We quantitated parameters of longevity of hematopoiesis in both the adherent layer of LTBMCs and in the production of non-adherent cells and their capacity for colony formation over 27 weeks. Figure 1A demonstrates confluence of the adherent layer in marrow cultures. Figure 1B demonstrates cobblestone island formation in long-term cultures. Figure 1C demonstrates cumulative cobblestone islands. Figure 1D shows weekly cell production, and Figure 1E shows cumulative total cell production. The longevity of production of hematopoietic cells, which form weekly day-7 colony-forming unit progenitors, and cumulative production are shown in Figure 1F and G, respectively. Weekly continuous production of day-14 CFU-GEMM, which are more primitive multi-lineage hematopoietic progenitor cell colonies is shown in Figure 1H and cumulative production in Figure 1I. Statistical analysis of day-7 CFU progenitors and day-14 CFU-GEMM are shown in Tables I and II. Tlr4−/− mouse marrow generated significantly more hematopoietic cells for a longer duration in LTBMCs.
Figure 1.
Hematopoiesis in long-term bone marrow cultures from Toll-like Receptor 4 (TLR4−/−) compared to TLR4+/+ mice. A) Confluence of adherent layer; B) Cobblestone islands weekly; C) Cumulative cobblestone islands; D) Weekly production of non-adherent cells; E) Cumulative production of non-adherent cells, F) Weekly CFU-GEMM scored at day 7; G) Cumulative day 7 CFU-GEMM; H) Weekly Day 14 CFU-GEMM; i) Cumulative day 14 CFU-GEMM.
Table I.
Analysis of hematopoiesis in long term bone marrow cultures (LTBMCs) from toll-like receptor 4−/− (TLR4−/− mice): Weekly production of “day 7” colony forming unit granulocycte, erythrocyte, macrophage, megakaryocyte CFU-GEMM.

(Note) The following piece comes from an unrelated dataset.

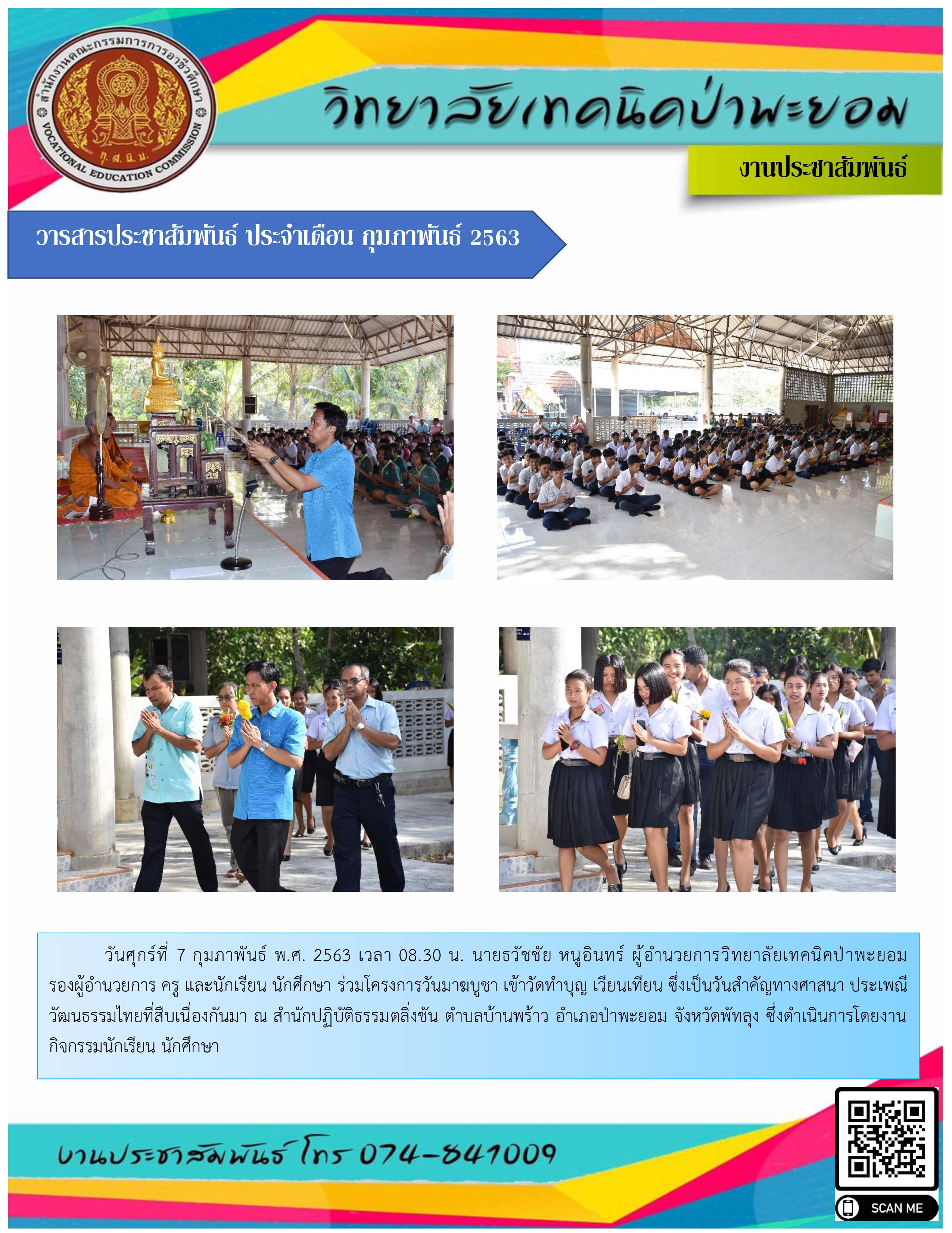 วิทยาลัยเทคนิคป่าพะยอม ร่วมโครงการวันมาฆบูชา เข้าวัดทำบุญ เวียนเทียน ณ สำนักปฏิบัติธรรมตลิ่งชัน

| Group | Week 1 | Week 2 | Week 3 | Week 4 | Week 5 |
|---|---|---|---|---|---|
| TLR4−/− | 204.3±6.5 (n=3) | 53.7±5.0 (n=3) | 251.7±8.0 (n=3) | 223.7±7.5 (n=3) | 176.0±19.1 (n=3) |
| C57BL/6 | 245.3±10.1 (n=3) | 98.0±6.0 (n=3) | 107.3±5.5 (n=3) | 176.7±10.1 (n=3) | 157.7±14.0 (n=3) |
| p-Value | 0.0041 | 0.0006 | <0.0001 | 0.0029 | 0.2512 |
| Group | Week 6 | Week 7 | Week 8 | Week 9 | Week 10 |
| TLR4−/− | 142.0±11.5 (n=3) | 129.7±8.1 (n=3) | 144.3±7.0 (n=3) | 163.0±10.5 (n=3) | 122.0±12.8 (n=3) |
| C57BL/6 | 116.0±11.1 (n=3) | 39.0±6.0 (n=3) | 79.7±7.1 (n=3) | 66.0±6.0 (n=3) | 59.7±7.5 (n=3) |
| p-Value | 0.0484 | 0.0001 | 0.0004 | 0.0002 | 0.0019 |
| Group | Week 11 | Week 12 | Week 13 | Week14 | Week 15 |
| TLR4−/− | 109.0±8.0 (n=3) | 107.3±9.0 (n=3) | 90.7±3.5 (n=3) | 105.3±4.2 (n=3) | 25.3±3.5 (n=3) |
| C57BL/6 | 79.3±4.5 (n=3) | 96.7±5.0 (n=3) | 76.3±12.0 (n=3) | 29.7±4.0 (n=3) | 17.0±3.0 (n=3) |
| p-Value | 0.0050 | 0.1481 | 0.1183 | <0.0001 | 0.0354 |
| Group | Week 16 | Week 17 | Week 18 | Week 19 | Week 20 |
| TLR4−/− | 12.7±2.5 (n=3) | 45.0±5.0 (n=3) | 53.0±5.0 (n=3) | 32.0±4.6 (n=3) | 46.7±5.5 (n=3) |
| C57BL/6 | 29.3±4.2 (n=3) | 23.0±5.0 (n=3) | 6.7±3.1 (n=3) | 2.7±2.5 (n=3) | 0.0±0.0 (n=3) |
| p-Value | 0.0040 | 0.0057 | 0.0002 | 0.0006 | 0.0046 |
| Group | Week 21 | Week 22 | Week 23 | Week 24 | Week 25 |
| TLR4−/− | 98.0±5.6 (n=3) | 51.3±3.5 (n=3) | 66.0±6.0 (n=3) | 23.7±4.0 (n=3) | 19.7±3.5 (n=3) |
| C57BL/6 | |||||
| p-Value | |||||
| Group | Week 26 | Week 27 | Week 28 | Week 29 | Week 30 |
| TLR4−/− | 0.7±0.6 (n=3) | 5.0±1.0 (n=3) | |||
| C57BL/6 | |||||
| p-Value | |||||
The “day 7” colony counts at each week, where data are summarized as mean±standard deviation, n is the sample size, and p is the p-Value for comparison to C57BL/6 group with the two-sided two sample t-test. Significant p-Values of less than 0.05 are shown in bold.
Table II.
Analysis of hematopoiesis in long-term bone marrow cultures (LTBMCs) from toll-like receptor 4−/− (TLR4−/−) mice: Weekly production of “day 14” colony forming unit granulocycte, erythrocyte, macrophage, megakaryocyte CFU-GEMM.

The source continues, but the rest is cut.